— Requirement —
Whatever precedes the line containing "Bild 4. Joseph" is not copied; that line and every line after it through the final one below are copied exactly, except pictures.

— Source data —
■ ■ ■ ■ ■ ■ ■
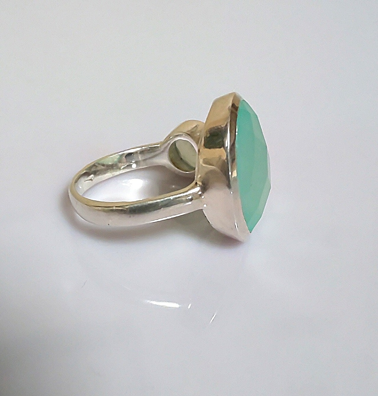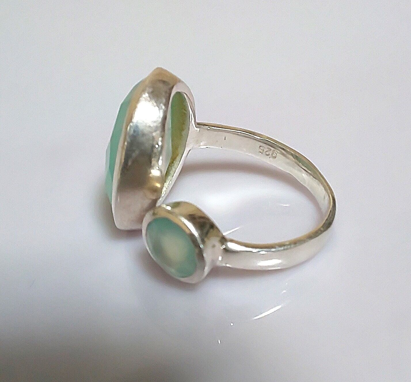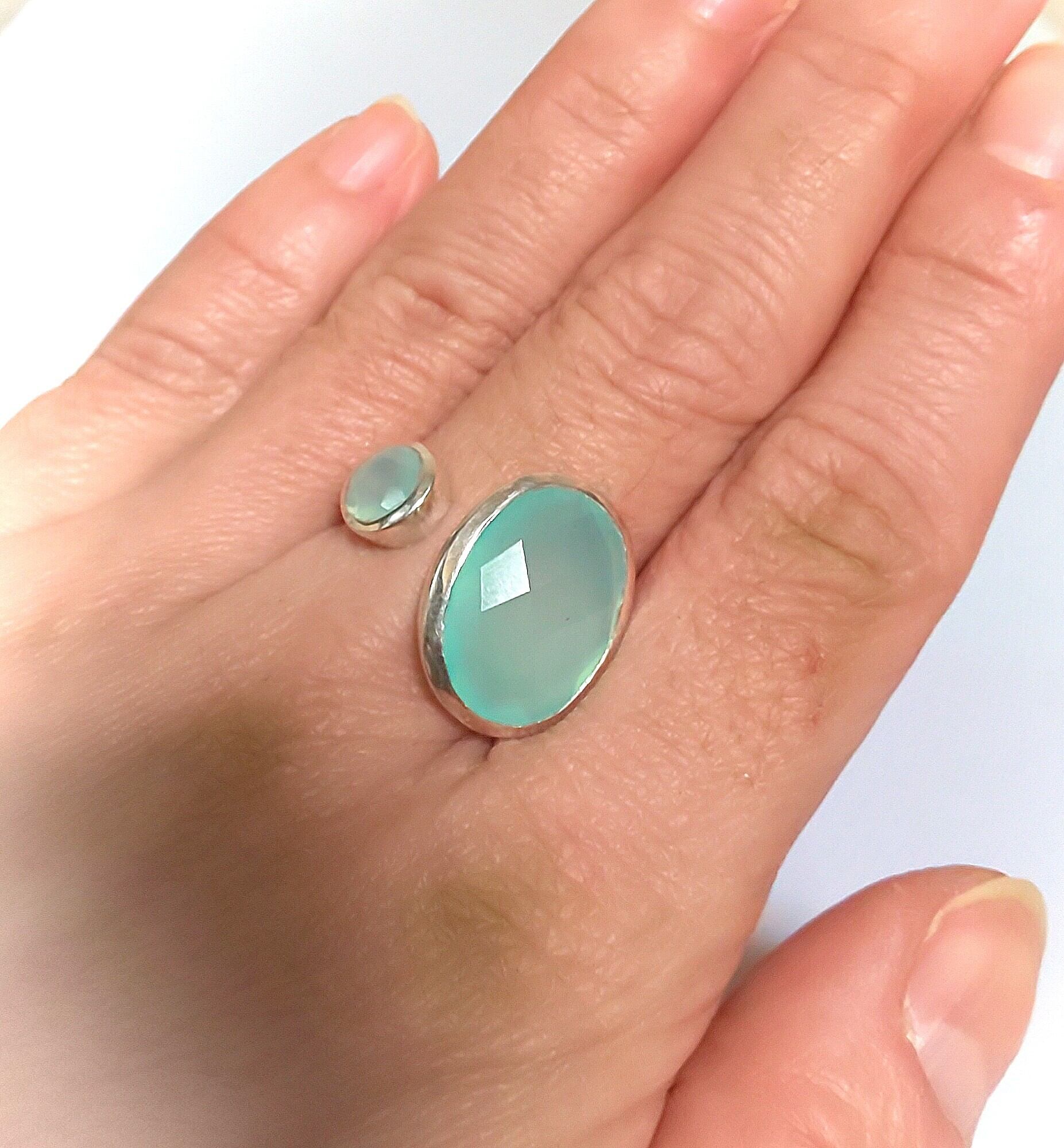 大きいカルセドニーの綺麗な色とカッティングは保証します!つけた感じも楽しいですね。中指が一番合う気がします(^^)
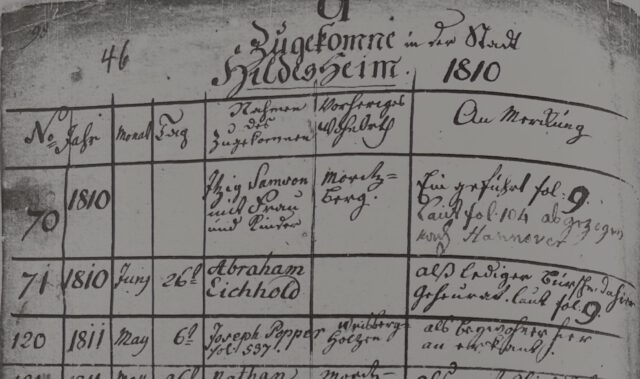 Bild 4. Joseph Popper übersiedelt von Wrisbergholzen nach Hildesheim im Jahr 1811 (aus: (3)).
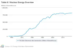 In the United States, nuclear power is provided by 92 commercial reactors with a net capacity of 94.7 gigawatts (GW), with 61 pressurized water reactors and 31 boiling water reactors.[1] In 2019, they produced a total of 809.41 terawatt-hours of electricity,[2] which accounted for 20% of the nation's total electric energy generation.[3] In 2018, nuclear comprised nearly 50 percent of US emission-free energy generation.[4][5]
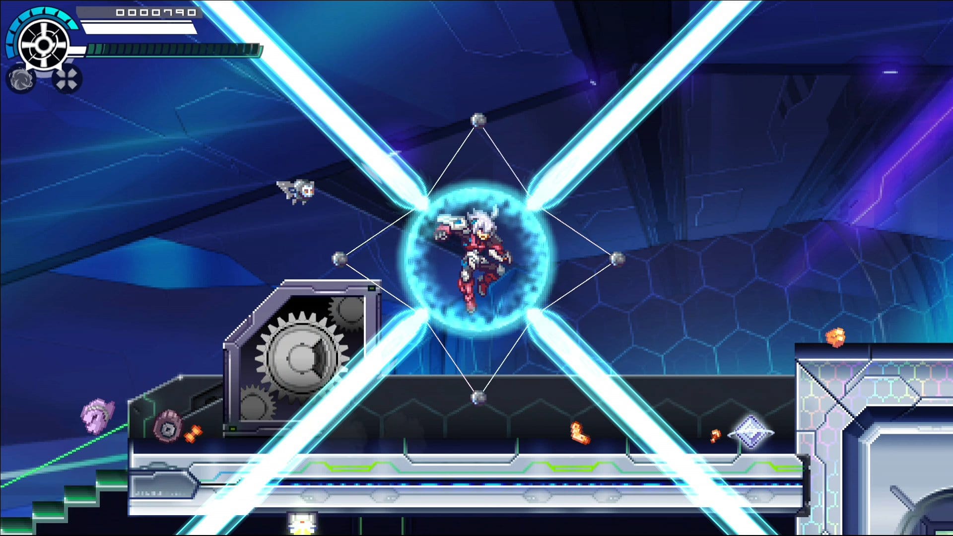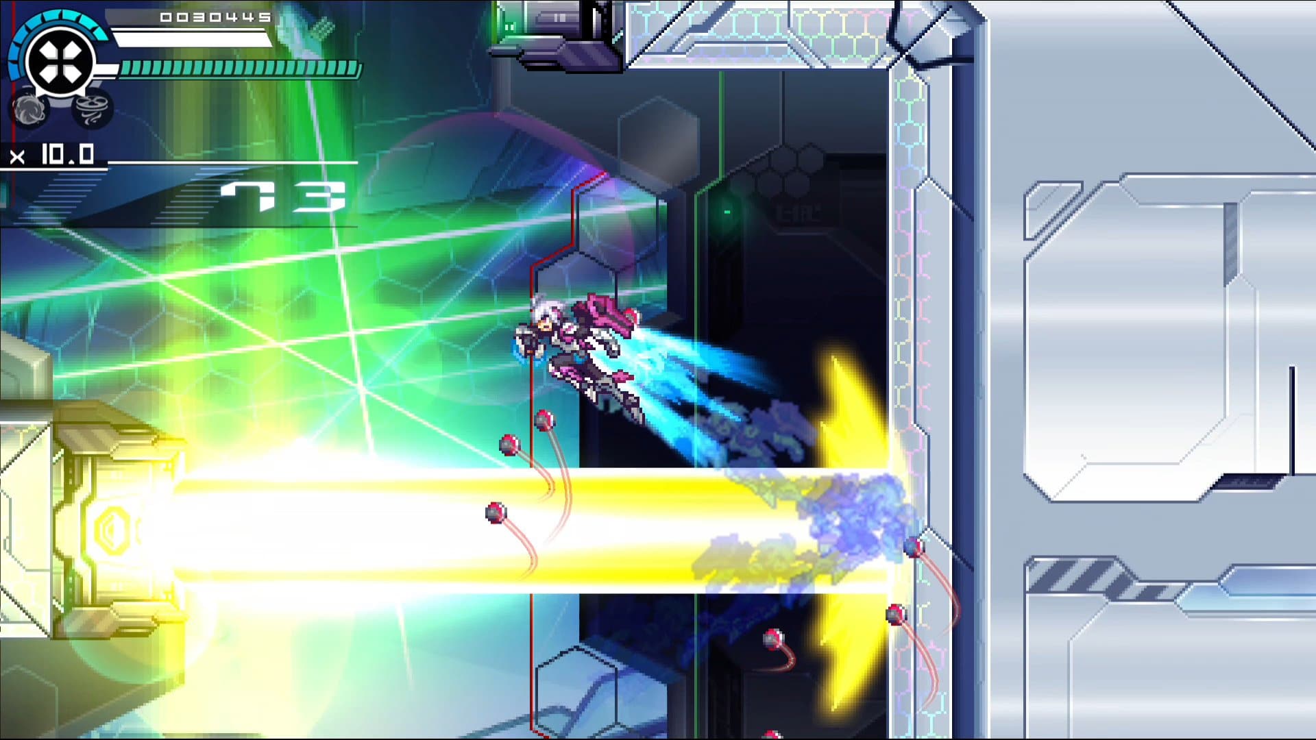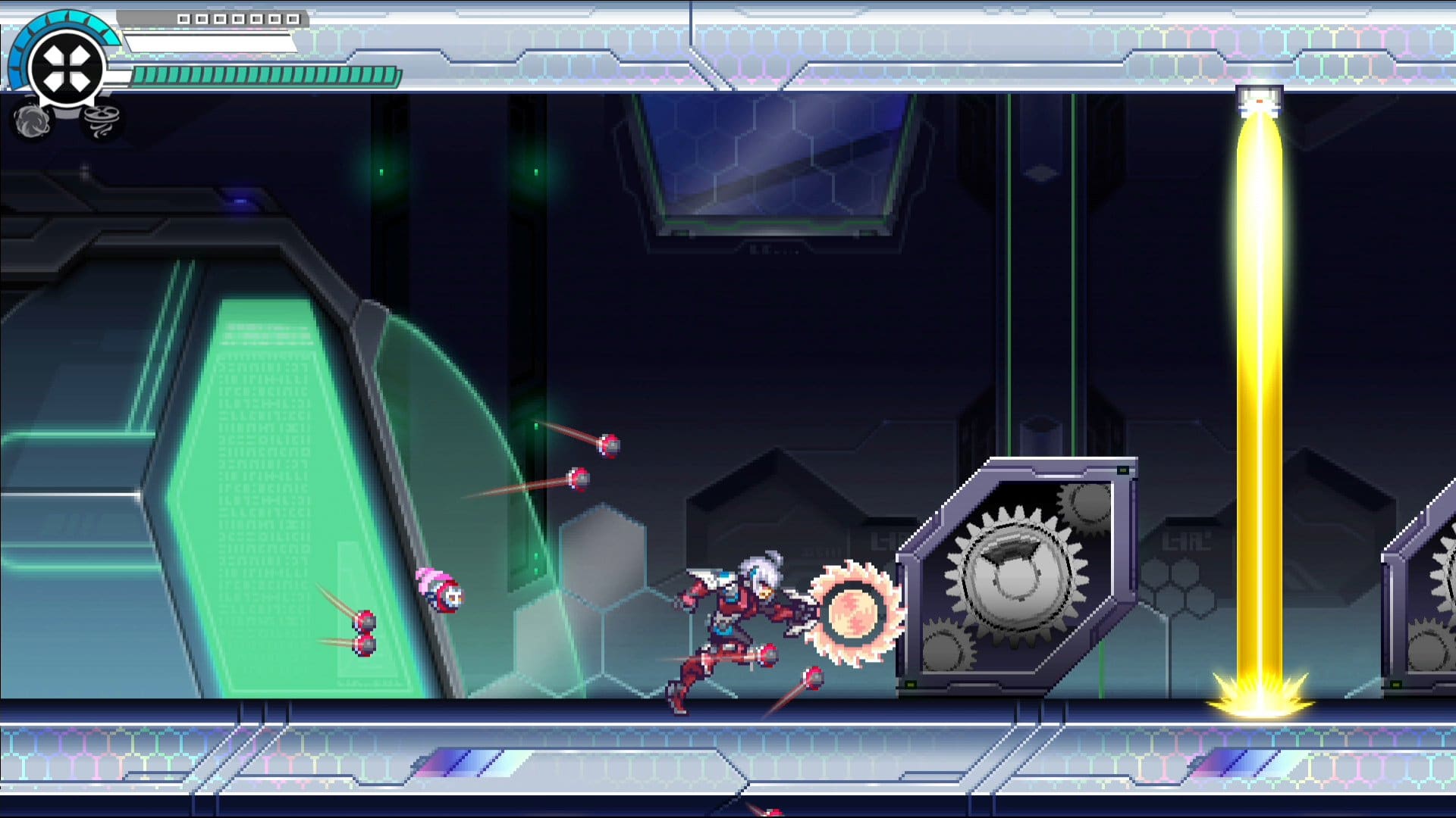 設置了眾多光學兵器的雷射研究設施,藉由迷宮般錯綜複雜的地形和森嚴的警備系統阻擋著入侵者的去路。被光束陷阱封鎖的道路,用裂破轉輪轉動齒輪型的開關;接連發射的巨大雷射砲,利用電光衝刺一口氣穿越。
■ ■ ■ ■ ■ ■ ■
— Your solution —
 Bild 4. Joseph Popper übersiedelt von Wrisbergholzen nach Hildesheim im Jahr 1811 (aus: (3)).
 In the United States, nuclear power is provided by 92 commercial reactors with a net capacity of 94.7 gigawatts (GW), with 61 pressurized water reactors and 31 boiling water reactors.[1] In 2019, they produced a total of 809.41 terawatt-hours of electricity,[2] which accounted for 20% of the nation's total electric energy generation.[3] In 2018, nuclear comprised nearly 50 percent of US emission-free energy generation.[4][5]
 設置了眾多光學兵器的雷射研究設施,藉由迷宮般錯綜複雜的地形和森嚴的警備系統阻擋著入侵者的去路。被光束陷阱封鎖的道路,用裂破轉輪轉動齒輪型的開關;接連發射的巨大雷射砲,利用電光衝刺一口氣穿越。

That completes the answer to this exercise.